2026-04-09·10 min read·sota.io team

eIDAS 2.0 and the EU Digital Identity Wallet: Formal Verification for EUDIW Security

Regulation (EU) 2024/1183, amending eIDAS (Regulation (EU) No 910/2014), entered into force on 20 May 2024. It mandates that every EU Member State offer citizens a European Digital Identity Wallet (EUDIW) — a state-issued mobile application capable of proving identity, holding verifiable credentials (driving licences, diplomas, professional qualifications), and authenticating to public and private services. Member States must deploy functional EUDIW solutions by 2026.

For developers building authentication services, identity verification APIs, banking portals, healthcare systems, or public administration platforms across the EU, eIDAS 2 creates a new infrastructure compliance layer: the wallet backend, credential issuance infrastructure, and relying party integration must all satisfy security requirements that cannot be met with US-domiciled cloud infrastructure without CLOUD Act exposure.

The formal verification community has been directly involved in eIDAS 2.0 security analysis since early drafts.
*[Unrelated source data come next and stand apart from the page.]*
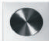
DL-FD304B Square Popup Size : 125x125 mm
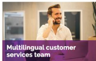
Multilingual customer services team
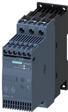
SIRIUS soft starter S0 32 A, 15 kW/400 V, 40 °C 200-480 V AC, 110-230 V AC/DC Screw terminals

Tamarin Prover (ETH Zurich / University of Basel), ProVerif (INRIA Paris), and EasyCrypt (IMDEA Madrid / INRIA Paris) have been applied to EUDIW protocol security proofs. Understanding this toolchain is essential for developers building or auditing EUDIW-adjacent systems.

eIDAS 2.0: What Changed from eIDAS 1.0

eIDAS 1.0 (2014) established a baseline for electronic identification and trust services — electronic signatures, seals, timestamps, and cross-border recognition. Its practical uptake was limited: the identification schemes were voluntary for private sector relying parties, and national implementations were fragmented and incompatible.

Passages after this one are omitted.